[Task inputs]

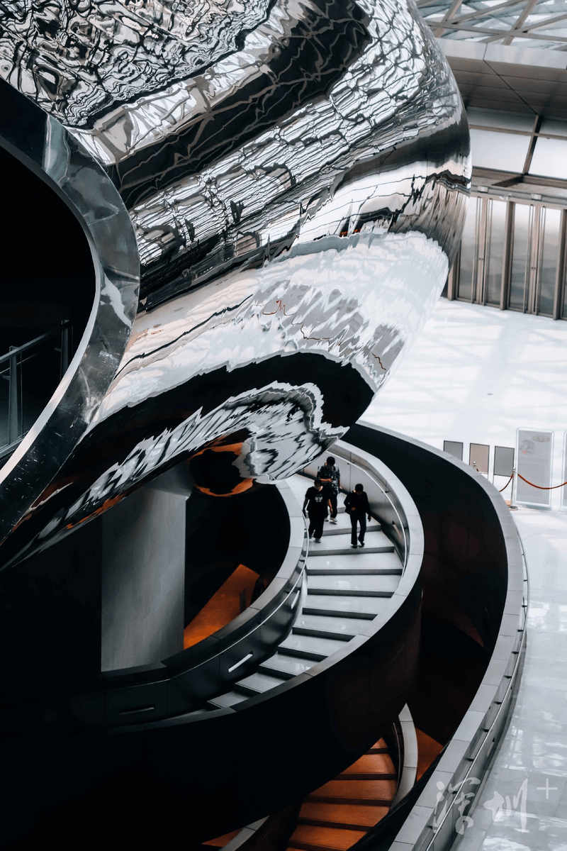 深圳市当代艺术与城市规划馆是由有“解构主义急先锋”之称的奥地利蓝天组设计的。这座巨型镜面不锈钢的“云建筑”是具有强烈现代性的“概念建筑”,由大量倾斜、扭曲、旋转曲面构成。建筑结构体系复杂,金属纽带连接两馆,充满科幻感和未来感。因充分考虑到馆内展示艺术收藏的需求,其高空间、开放式设计使得馆内展示空间极为阔敞明亮。该馆风格大胆前卫,极具视觉冲击力,是想象力与科技的完美结合。
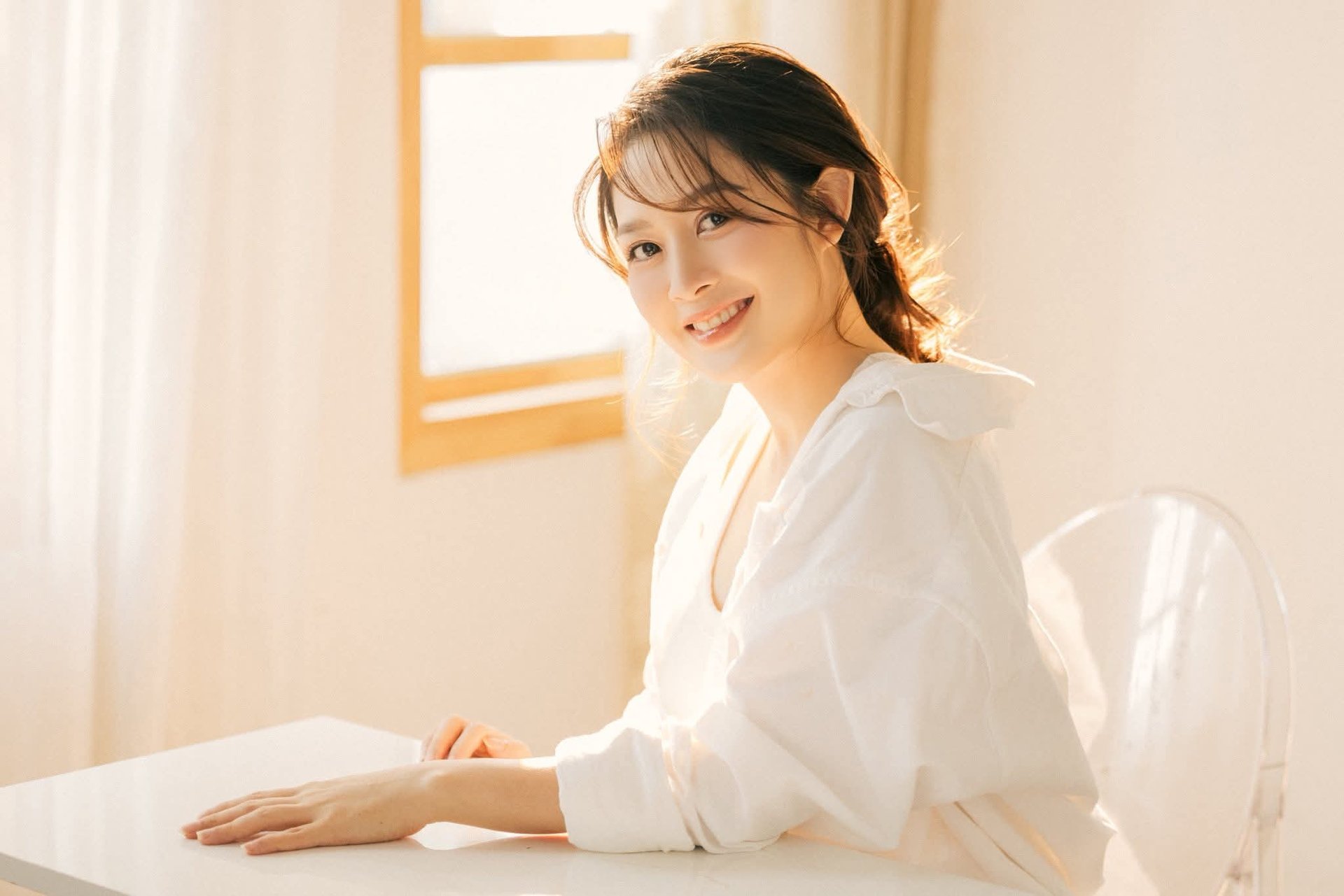 This captivating image portrays Chinese Model Xiao Jie embodying the elegant and professional essence of a modern secretary She is seated gracefully by a large window with natural light highlighting her sophisticated attire a light blue top and a formfitting white skirt Her long slender legs and high heels exude confidence and allure Her poised posture and contemplative gaze holding an object evoke a sense of thoughtful introspection Xiao Jie radiates an intellectual beauty and refined elegance presenting the image of a secretary who is not only capable but also exceptionally stylish This photograph transcends a mere moment becoming a symbol of empowered femininity stirring emotions about hidden beauty and professionalism within the corporate world
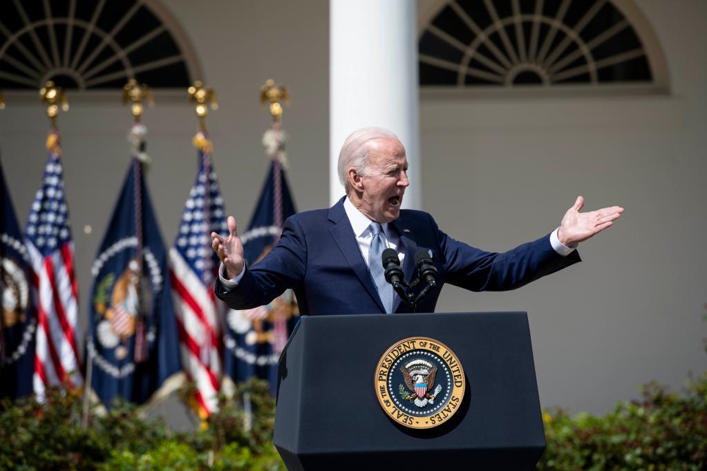 2022年4月11日,美国总统拜登在华盛顿白宫发表讲话。新华社记者刘杰摄
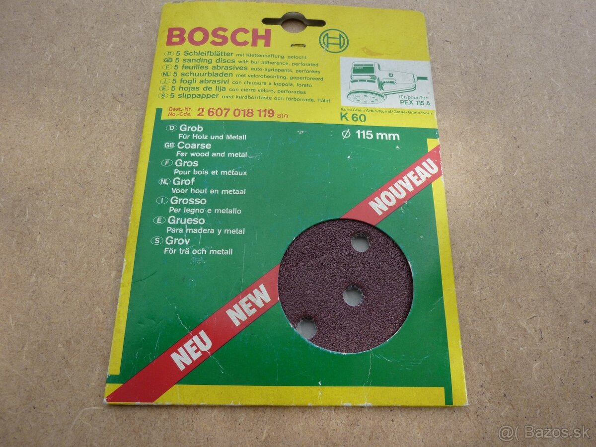 -nové brúsne kotúče Bosch ,3 ks, pre priemer 115mm, zrnitost K60 , vhodné pre drevo ako i kov - cena 5€ +poštovné
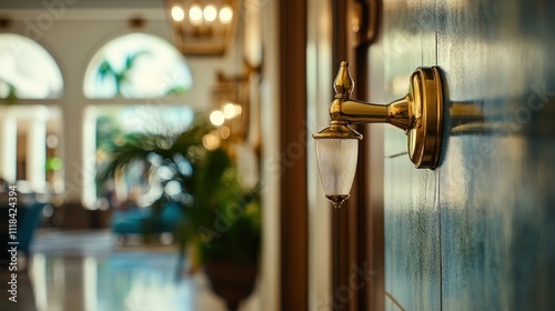 Obraz premium Elegant Gold Wall Lamp In Luxurious Hotel Lobby
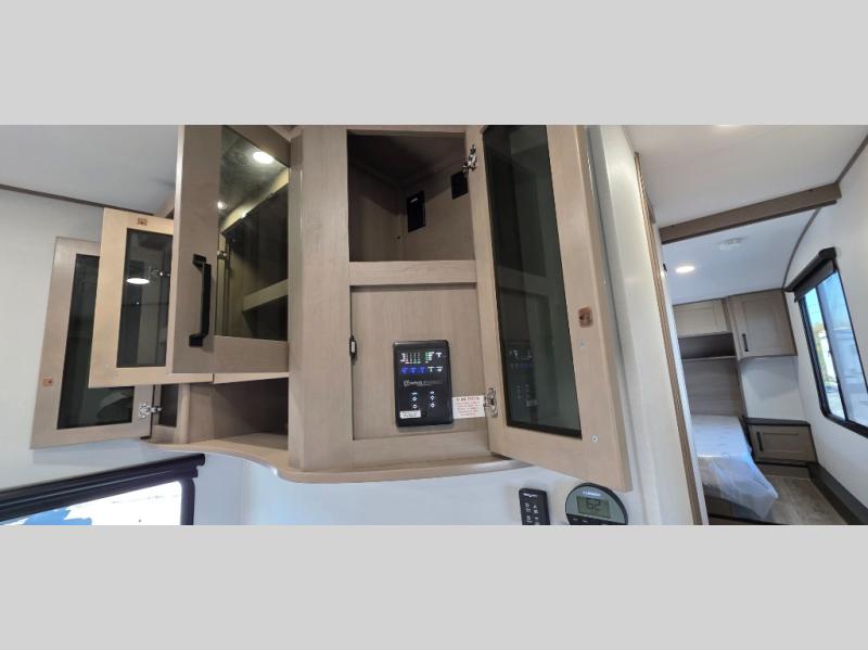 Luxury Finishes Inside and Out: Stylish cabinetry, modern hardware, LED lighting, ducted heating and cooling, and solid surface countertops give the 270BN a high-end residential feel.
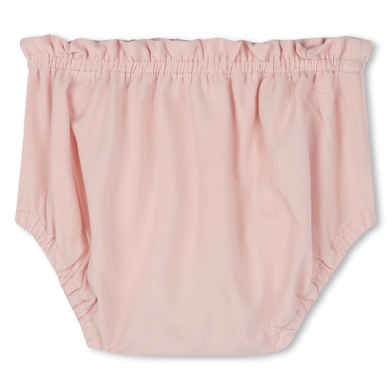 Бебешка рокля с розова тюлена долна част и розови гащички. Апликация с калинка.

[/Task inputs]

--- What you are asked to do ---
This exercise asks for the data above to be given again exactly, without pictures.

--- Reply ---
 深圳市当代艺术与城市规划馆是由有“解构主义急先锋”之称的奥地利蓝天组设计的。这座巨型镜面不锈钢的“云建筑”是具有强烈现代性的“概念建筑”,由大量倾斜、扭曲、旋转曲面构成。建筑结构体系复杂,金属纽带连接两馆,充满科幻感和未来感。因充分考虑到馆内展示艺术收藏的需求,其高空间、开放式设计使得馆内展示空间极为阔敞明亮。该馆风格大胆前卫,极具视觉冲击力,是想象力与科技的完美结合。
 This captivating image portrays Chinese Model Xiao Jie embodying the elegant and professional essence of a modern secretary She is seated gracefully by a large window with natural light highlighting her sophisticated attire a light blue top and a formfitting white skirt Her long slender legs and high heels exude confidence and allure Her poised posture and contemplative gaze holding an object evoke a sense of thoughtful introspection Xiao Jie radiates an intellectual beauty and refined elegance presenting the image of a secretary who is not only capable but also exceptionally stylish This photograph transcends a mere moment becoming a symbol of empowered femininity stirring emotions about hidden beauty and professionalism within the corporate world
 2022年4月11日,美国总统拜登在华盛顿白宫发表讲话。新华社记者刘杰摄
 -nové brúsne kotúče Bosch ,3 ks, pre priemer 115mm, zrnitost K60 , vhodné pre drevo ako i kov - cena 5€ +poštovné
 Obraz premium Elegant Gold Wall Lamp In Luxurious Hotel Lobby
 Luxury Finishes Inside and Out: Stylish cabinetry, modern hardware, LED lighting, ducted heating and cooling, and solid surface countertops give the 270BN a high-end residential feel.
 Бебешка рокля с розова тюлена долна част и розови гащички. Апликация с калинка.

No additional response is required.